* **Exercise details**:
Without any images, write the data out exactly as it appears.

* **Data below**:

[Start of Attachment]

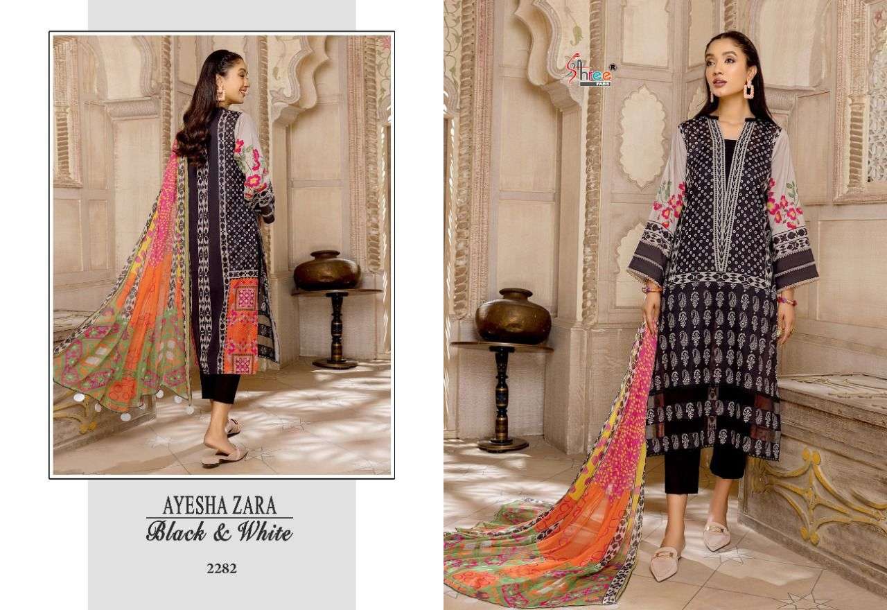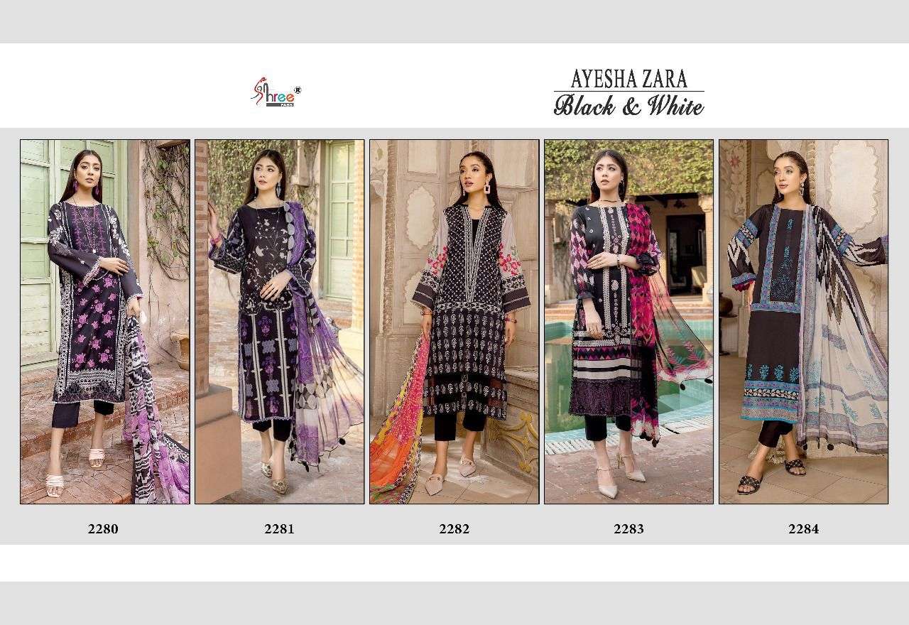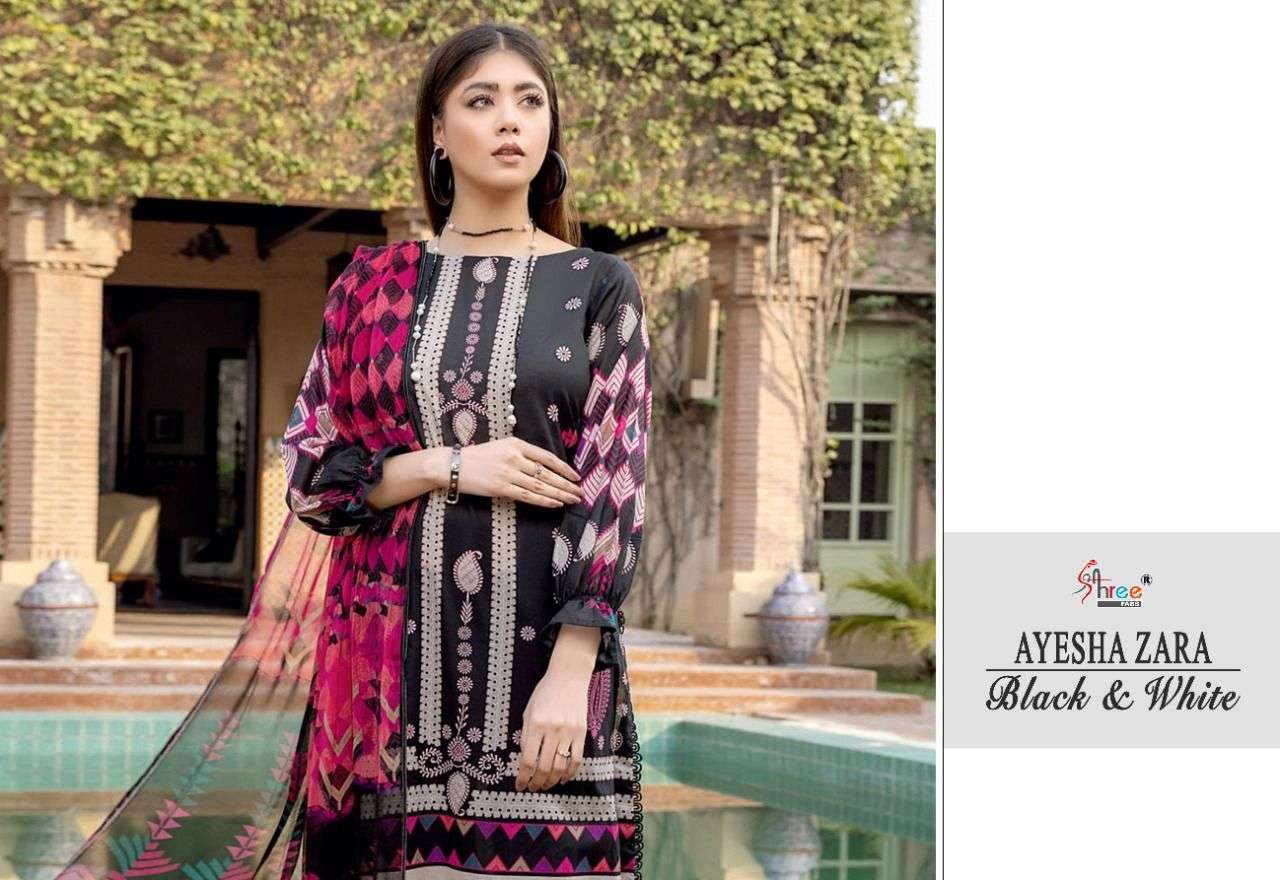 AYESHA ZARA BLACK & WHITE TOP PURE COTTON PRINT WITH PATCH EMBRODERY BOTTOM SEMILAWN DUPPTA SILVER/ COTTON DESIGNS 5 RATE 599+gst SIFFON 650+gst COTTON SHREE FABS SURAT®️ |
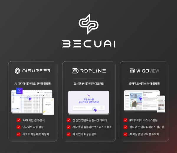 ºñÅ¥AI´Â À̹ø Àü½Ã¿¡¼ RDPLINE, AI SURFER(AI¼ÆÛ), WIGOVIEW(À§°íºä) µî 3°¡Áö ÇÙ½É Á¦Ç°À» °ø°³ÇÑ´Ù. ºñÅ¥AI´Â ½Å·Ú °¡´ÉÇÑ µ¥ÀÌÅÍ È®º¸ºÎÅÍ ½Ç¹« ÀλçÀÌÆ® »ý»ê, µ¥ÀÌÅÍ ±â¹Ý ¼º°ú °¡½ÃÈ¿¡ À̸£±â±îÁö ±â¾÷°ú ±â°üÀÌ AI µµÀÔ °úÁ¤¿¡¼ Á÷¸éÇÏ´Â ÇÙ½É °úÁ¦¿¡ ´ëÇÑ ÅëÇÕÀû ÇØ¹ýÀ» Á¦½ÃÇÑ´Ù.
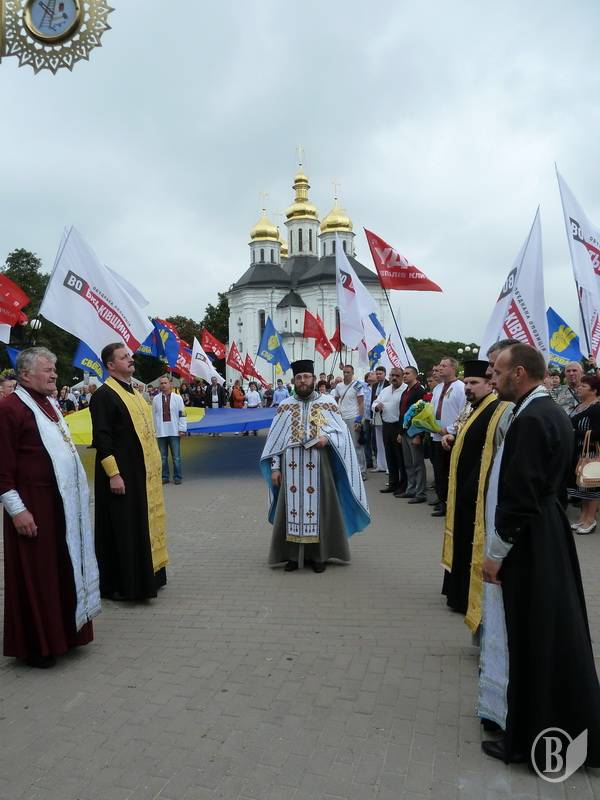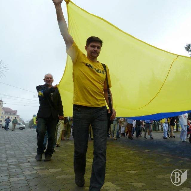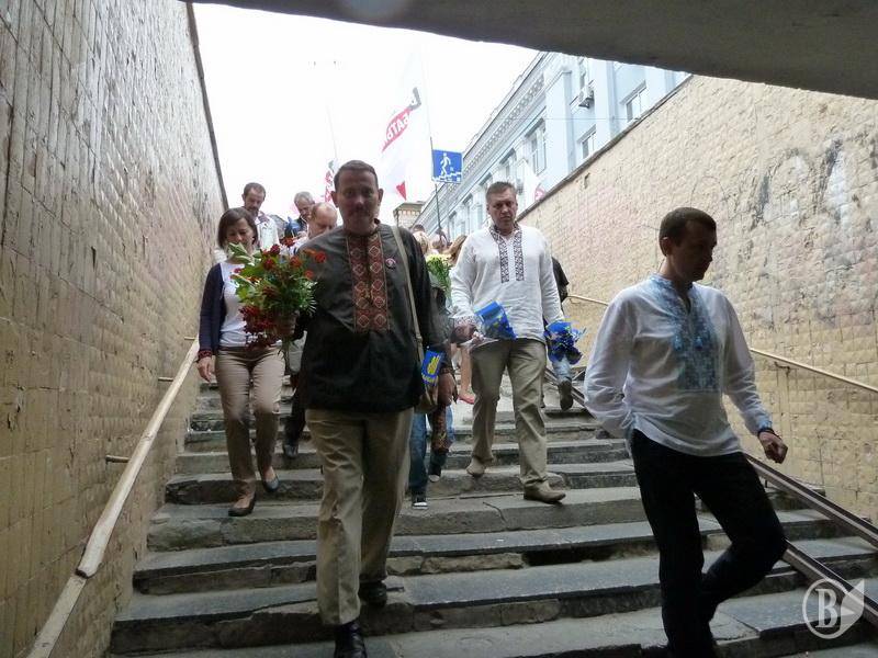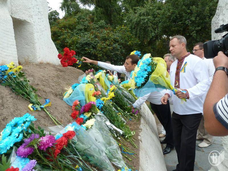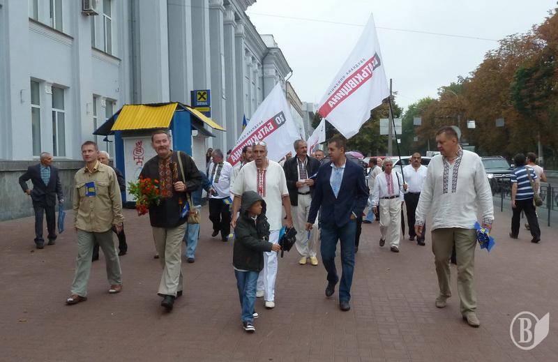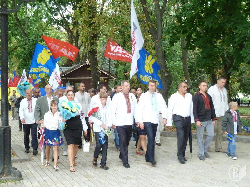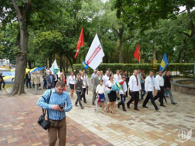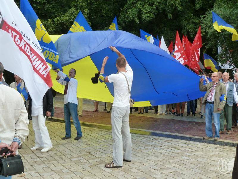 Как всегда бывает в День независимости, официальные и оппозиционные мероприятия были размежеваны во времени и пространстве. Во время оппозиционного марша флаги Партии регионов реяли около памятника борцам за независимость. Поэтому оппозиционеры решили сначала посетить Кобзаря, к подножию которого были возложены цветы. А торжественную речь произнес Сергей Аверченко. Лейтмотив выступления - Кобзарь мог 22 года уже спать спокойно, но пока еще спокойные сны несвоевременны.

[End of Attachment]

* **Answer box**:
 AYESHA ZARA BLACK & WHITE TOP PURE COTTON PRINT WITH PATCH EMBRODERY BOTTOM SEMILAWN DUPPTA SILVER/ COTTON DESIGNS 5 RATE 599+gst SIFFON 650+gst COTTON SHREE FABS SURAT®️ |
 ºñÅ¥AI´Â À̹ø Àü½Ã¿¡¼ RDPLINE, AI SURFER(AI¼ÆÛ), WIGOVIEW(À§°íºä) µî 3°¡Áö ÇÙ½É Á¦Ç°À» °ø°³ÇÑ´Ù. ºñÅ¥AI´Â ½Å·Ú °¡´ÉÇÑ µ¥ÀÌÅÍ È®º¸ºÎÅÍ ½Ç¹« ÀλçÀÌÆ® »ý»ê, µ¥ÀÌÅÍ ±â¹Ý ¼º°ú °¡½ÃÈ¿¡ À̸£±â±îÁö ±â¾÷°ú ±â°üÀÌ AI µµÀÔ °úÁ¤¿¡¼ Á÷¸éÇÏ´Â ÇÙ½É °úÁ¦¿¡ ´ëÇÑ ÅëÇÕÀû ÇØ¹ýÀ» Á¦½ÃÇÑ´Ù.
 Как всегда бывает в День независимости, официальные и оппозиционные мероприятия были размежеваны во времени и пространстве. Во время оппозиционного марша флаги Партии регионов реяли около памятника борцам за независимость. Поэтому оппозиционеры решили сначала посетить Кобзаря, к подножию которого были возложены цветы. А торжественную речь произнес Сергей Аверченко. Лейтмотив выступления - Кобзарь мог 22 года уже спать спокойно, но пока еще спокойные сны несвоевременны.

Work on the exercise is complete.